A talk-show Andy Warhol’s TV is shown on a cable channel and runs until 1982.
Warhol and Fred Hughes attend an audience with the Pope.
Ronald Reagan elected President.
John Lennon shot dead in New York.
1981
Warhol is engaged on several groups of works - Crosses, Dollar Signs, Guns, Knives – and a series based on American myths.
1982
For the Berlin Zeitgeist exhibition, Warhol creates pictures with motifs derived from Berlin. He travels to Paris, Zurich and China. He accepts more and more advertising commissions.
1984
Warhol creates the Rorschach paintings. He buys the Edison Building on East 33rd Street to house his studio, office and Interview magazine.

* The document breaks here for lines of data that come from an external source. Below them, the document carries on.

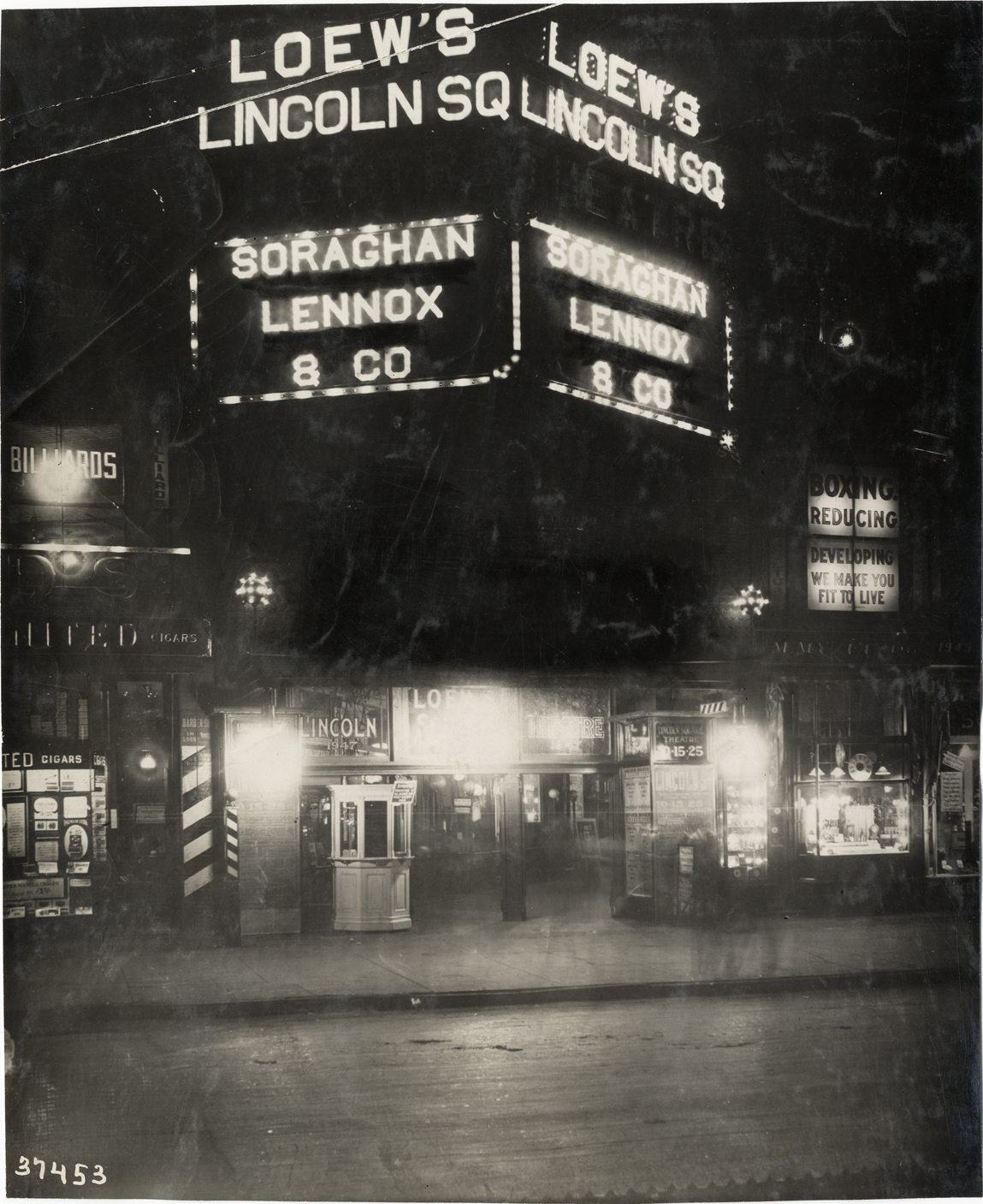 Nighttime view of Loew's Lincoln Square Theatre in New York. "Soraghan, Lennox & Co." in electric lights on marquee. Lighted storefronts on street. Stamped on back: "Spooner & Wells, Inc., photographers, telephones 3472-3473 Columbus, 1931 Broadway, New York." Handwritten on back: "Loew's Lincoln Square Theatre, New York City, 1910. Theaters."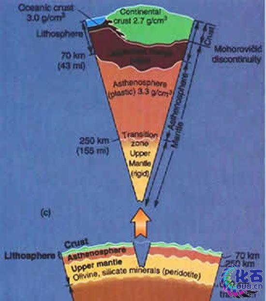 软流圈由巴拉鹿(J.Barrel,西元一九一四年)命名并介绍。巴拉鹿基于强度将地球之内部分成三带或三圈,由上而下,为岩石圈(Lithosphere)、软流圈(Asthenosphere)及中心圈(Centrosphere)。岩石圈为地球的外圈,相当于地壳(EarthCrust)或矽铝带(SialZone)之部分,其厚度约达一百公里。岩石圈其有刚性(Rigidity),并形成横造板快(TectonicPlates)。岩石圈下,几乎无直接观察之方法,因此地质学家依据各种自然现象及地球物理之测勘。而假定有种种层圈之存在。当火山喷发时,常有极高温之熔岩或岩浆之喷出,因此主张在岩石圈下,必有一软流圈或火圈它(Pyrosphere)之存在。岩石圈下之软流圈为较弱的层圈,具有可塑性或黏性流,因此较岩石圈易变形:软流圈或火圈之下,地球之核心部分,必有中心圈之存在。
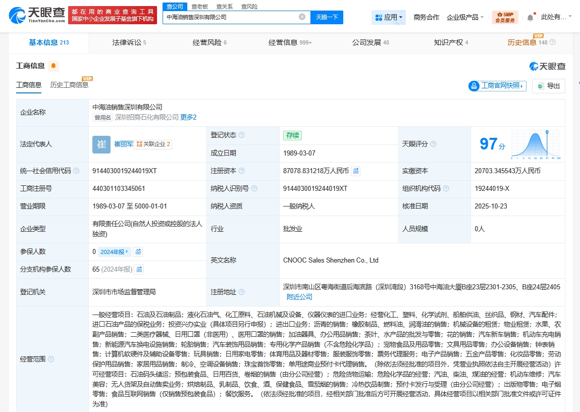 每經(jīng)AI快訊,天眼查App顯示,近日,中海油銷售深圳有限公司發(fā)生工商變更,注冊(cè)資本由約2.1億元人民幣增至約8.7億元人民幣,增幅約321%,同時(shí),部分主要人員也發(fā)生變更。該公司成立于1989年3月,法定代表人為崔麗軍,經(jīng)營(yíng)范圍含石油及石油制品,液化石油氣、化工原料、石油機(jī)械及設(shè)備、儀器儀表的進(jìn)口業(yè)務(wù),經(jīng)營(yíng)化工、塑料、化學(xué)試劑、船舶供油、絲織品、鋼材、汽車配件等,由中海油廣東銷售有限公司全資持股。

Ronald Reagan elected for second term.
AIDS virus identified.
Bright Lights, Big City by Jay McInerney published.
1985
Warhol paints Ads, based on advertising motifs and publishes America, a book of photographs. He exhibits the Collaboration Works, produced jointly with the young artist Jean-Michel Basquiat.
1986
Warhol produces the Camouflage pictures and re-workings of Leonardo’s Last Supper. His television series appears on MTV as Andy Warhol’s Fifteen Minutes.
1987
Warhol visits Milan for an exhibition of his Last Supper pictures. On 22 February Warhol dies unexpectedly in a New York hospital following a gall bladder operation. He is buried in Pittsburgh with only immediate family and friends present. More than 2,000 mourners attend a memorial service in St Patrick’s Cathedral, New York.